The International Monetary Fund (IMF) has projected Pakistan’s gross external financing needs at $18.813 billion for the current fiscal year 2024-25, which represents 4.7 percent of the country’s GDP.
In its latest report, titled “2024 Article IV Consultation and Request for an Extended Arrangement under the Extended Fund Facility,” the IMF noted that external financing needs are expected to rise to $20.088 billion in the fiscal year 2025-26. The report also highlighted that available financing for FY 2024-25 is approximately $18.175 billion.
The IMF indicated that the program is fully financed, with firm commitments in place for the first 12 months and positive prospects thereafter. Financing for FY 2025 includes $16.8 billion from rollovers of existing short-term financing and $2.5 billion from additional commitments, particularly from China, Saudi Arabia, the Asian Development Bank (ADB), and the Islamic Development Bank (IsDB).
The authorities have secured firm commitments from key bilateral partners to maintain their existing exposures throughout the program. This includes rolling over short-term liabilities, which will help meet financing needs in the remaining program period. Loans from foreign commercial banks totaling $6.6 billion, renewed during the 2019 Extended Fund Facility (EFF) and 2023 Stand-By Arrangement (SBA), are also expected to continue during the new program period. Together with commitments from multilateral institutions, these provide necessary financing assurances. However, financing risks remain high, necessitating continued monitoring to ensure timely and adequate funding during program reviews.

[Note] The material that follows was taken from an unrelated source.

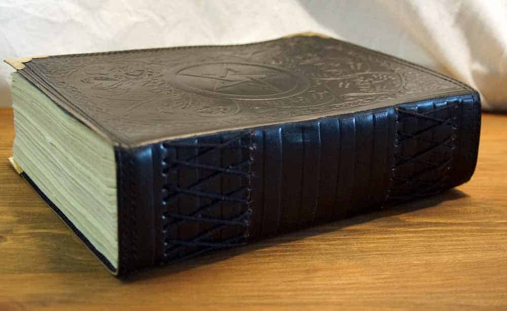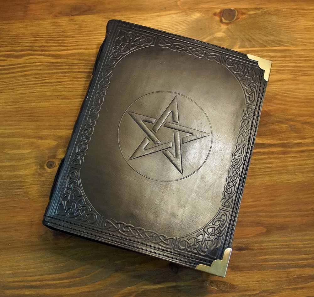 Es ist sowohl vorn als auch hinten ein Pentagramm und ein Rahmen aus Keltenknoten eingeprägt. Zusätzlich ist dieses Buch mit Buchecken aus Messing ausgestattet, um schnellem verschleiss entgegenzuwirken.
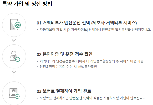 (신차의 경우 점수 도달시 당사에 계약변경 요청) - 해당 특약은 커넥티드카서비스 가입차량 중 안전운전점수 제공 서비스 가능 차량에 대해 가입 가능합니다.

The IMF projected that multilateral disbursements could reach $14 billion from FY 2025 to FY 2028, including $7.1 billion from the World Bank and $5.6 billion from the ADB. Key bilateral creditors are expected to maintain their exposure through new financing activities. Modest access to new short-term borrowing from commercial banks is anticipated for FY 2025-26, with a gradual return to bond markets expected by mid-FY 2027, indicating a restoration of policy credibility.
Pakistan’s capacity to repay is subject to significant risks and remains critically dependent on effective policy implementation and timely external financing. The IMF’s exposure to Pakistan is projected to reach SDR 6,816 million by September 2024 (336 percent of quota), with purchases linked to the request. Completion of all purchases under the arrangement could peak the Fund’s exposure at SDR 8,774 million (432 percent of quota) by September 2027, roughly 55 percent of projected gross reserves for FY 2027, which is about double the average for recent EFFs.
Exceptionally high risks, particularly from elevated public debt, substantial financing needs, low gross reserves, and sociopolitical factors, could threaten policy implementation and undermine repayment capacity and debt sustainability. Restoring fiscal and external viability is essential to ensure Pakistan’s capacity to repay the Fund.
This process hinges on strong and sustained policy implementation, including fiscal consolidation, external asset accumulation, and decisive reforms to facilitate stronger and more resilient economic development.
The Pakistani authorities have asserted that they have secured sufficient financing from international partners to support their economic reform program and sustainably enhance external buffers. Current projections suggest that, after considering pre-existing financial commitments, rollovers, and the anticipated IMF program, residual financing needs during the program period will amount to $5 billion.
“To close this gap for the first 12 months of the arrangement, we have secured financing commitments from bilateral and multilateral partners, including China, Saudi Arabia, the ADB, and the IsDB,” the authorities noted.
Furthermore, they have obtained renewed commitments from bilateral partners to continue rolling over short-term claims (including loans, swaps, and deposits) for the duration of the program, with plans to extend the maturity of these claims to alleviate the burden and risks associated with high gross financing needs.